I run the percentages all the time. the formula fed babies almost always
lose 2 to 3 percent and some gain an ounce prior to discharge. The
breastfed babies usually lose 4 to 7%. The ones that are having trouble are
usually losing 7-9% or so. The ones who come to clinic and have orange pee
and no stools and moms with delayed or low milk production usually have
lost 11 to 14 %. This is just my experience. I don't just go by the number
but the total mother/baby assessment, of course.
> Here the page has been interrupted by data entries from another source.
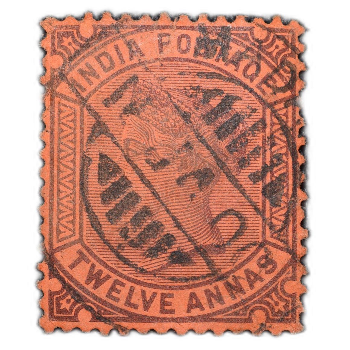 Postage Stamp of Victoria 12 Annas Red Colour – Used Condition as per Image.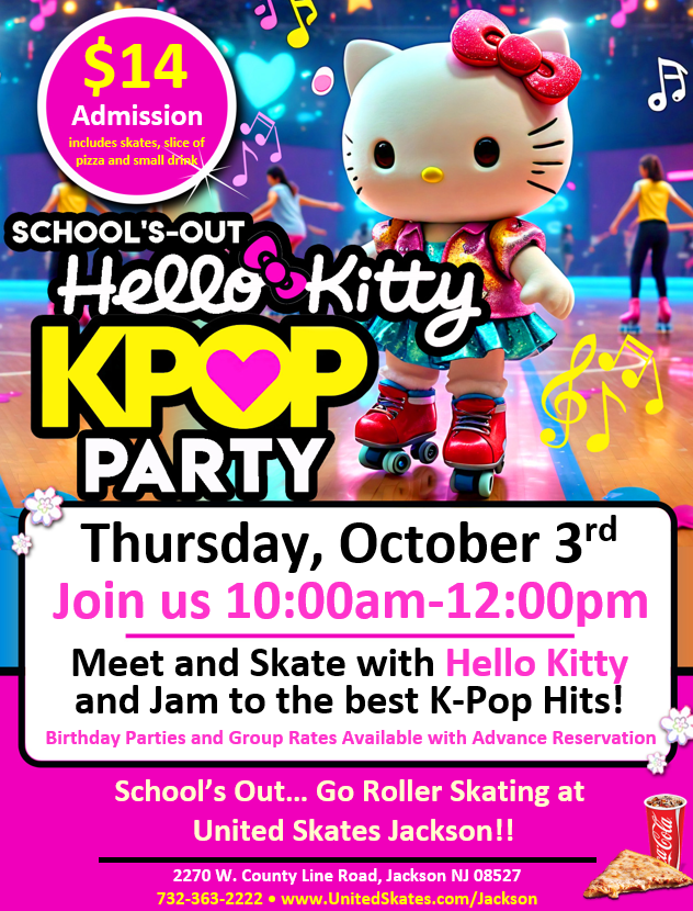 Wear Your favorite Hello Kitty Gear! We are roller skating together! Bring the kids and lace up for some family fun. Experience roller skating and share in building memories together. We look forward to welcoming you into our newly renovated facility in the beautiful Jackson Township, NJ Admission $14 Skate Rental $6.00 extra info: […]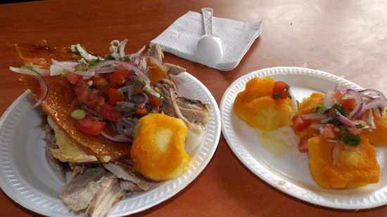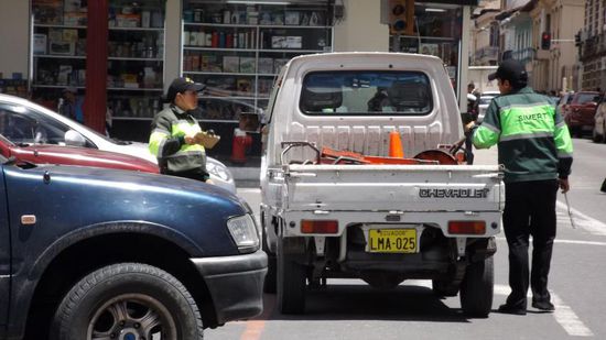 bevor wir zurück nach Loja fahren. Wir kaufen für $1,5 einer Polizistin!! eine Park-Streifenkarte ab, 12 Streifen a 30min, gültig für 90 Tage, markieren 4 Streifen = 2 Stunden und gehen zum Essen in den Markt,

When babies who need more milk are given what they need (ebm, or formula if
mom doesn't have enough milk), they typically gain 4 to 8 oz overnight. I
know because I see them on pediatric unit (weigh them myself, same scale)
or see them in followup clinic next day. Accurate weights are extremely
important. Babies should be naked (duh).

I'll give you recent example. A baby had a tongue-tie (not clipped until
few hours before discharge) and was exclusively bf and not supplemented
other than ebm (4 to 6 mls each time). Baby was having some latch problems
and requiring phototherapy early. (our doctors don't start phototherapy
unless baby is in high risk or high intermediate category so baby did
really need it). Next day baby gained 5 oz.  I questioned the weight, of
course. It was wrong I assure you but the nsy elected to just re-weigh next
day. Next day it was down 9 oz (privacy reasons I'm not giving more
detail). This was a 7%wt loss. At discharge baby was latching some feeds
others receiving pumped milk. Milk was in and mom could pump 2 oz each
time. This baby did not need any thing more. Baby had followup appt
scheduled. This baby was closely followed in hospital and helped as much as
needed and roomed in.

The percentages are meaningful to me as I look at them and the bilirubin
levels at discharge and at followup. It's just part of the total picture. I
am sure that being a nicu nurse in a very highly regarded and fastidious
unit affected my attention to numbers and details.